In the beginnings of light microscope development, sections from plants and animals were manually prepared using razor blades. It was found that to observe the structure of the specimen under observation it was important to make clean reproducible cuts on the order of 100 μm, through which light can be transmitted. This allowed for the observation of samples using light microscopes in a transmission mode.

One of the first devices for the preparation of such cuts was invented in 1770 by George Adams, Jr. (1750–1795) and further developed by Alexander Cummings. The device was hand operated, and the sample held in a cylinder and sections created from the top of the sample using a hand crank.

In 1835, Andrew Prichard developed a table based model which allowed for the vibration to be isolated by affixing the device to the table, separating the operator from the knife.

Occasionally, attribution for the invention of the microtome is given to the anatomist Wilhelm His, Sr. (1865).
In his Beschreibung eines Mikrotoms (German for Description of a Microtome), Wilhelm wrote:

The apparatus has enabled a precision in work by which I can achieve sections that by hand I cannot possibly create. Namely it has enabled the possibility of achieving unbroken sections of objects in the course of research.
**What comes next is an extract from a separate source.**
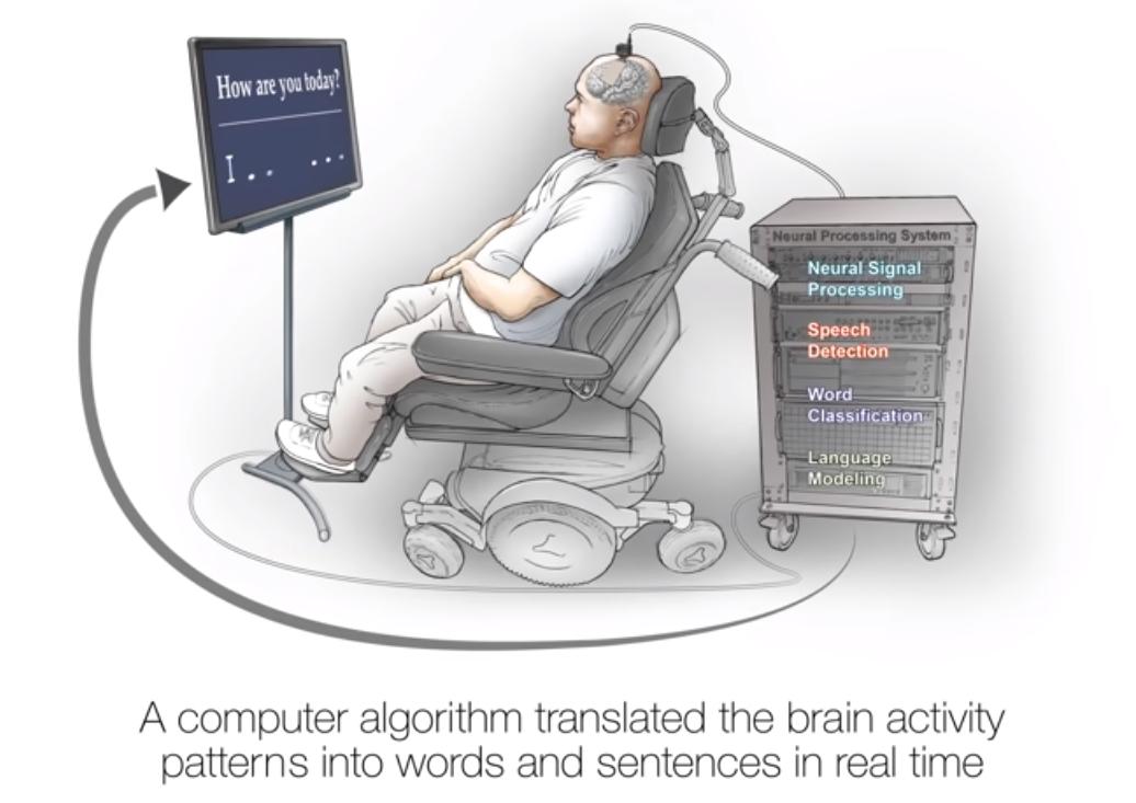 在实验中,研究者在其大脑的感觉运动皮层(sensorimotor cortex)区域植入一个硬膜下、高密度的多电极阵列,用于控制受试者的言语。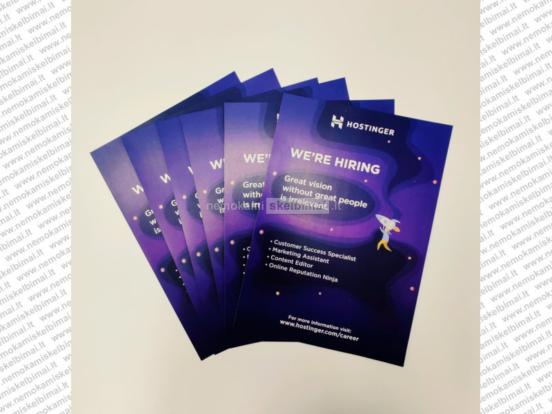 Skrajutės Kaune, skrajutės maketas, skrajučių gamyba, skrajučių spausdinimas, lankstinukai, skrajučių maketavimas, skrajučių gamyba internetu, bukletų gamyba, pigiausios skrajutės, laminuoti plakatai iki A3 formato, lankstinukai, skrajutės pigiau Vilnius, prabangios vizitinės kortelės Kaunas, kalendoriai, vokai, lankstinukų maketavimas.

Other sources further attribute the development to a Czech physiologist Jan Evangelista Purkyně. Several sources describe the Purkyne model as the first in practical use.

The obscurities in the origins of the microtome are due to the fact that the first microtomes were simply cutting apparatuses, and the developmental phase of early devices is widely undocumented.

At the end of the 1800s, the development of very thin and consistently thin samples by microtomy, together with the selective staining of important cell components or molecules, allowed for the visualisation of microscopic details.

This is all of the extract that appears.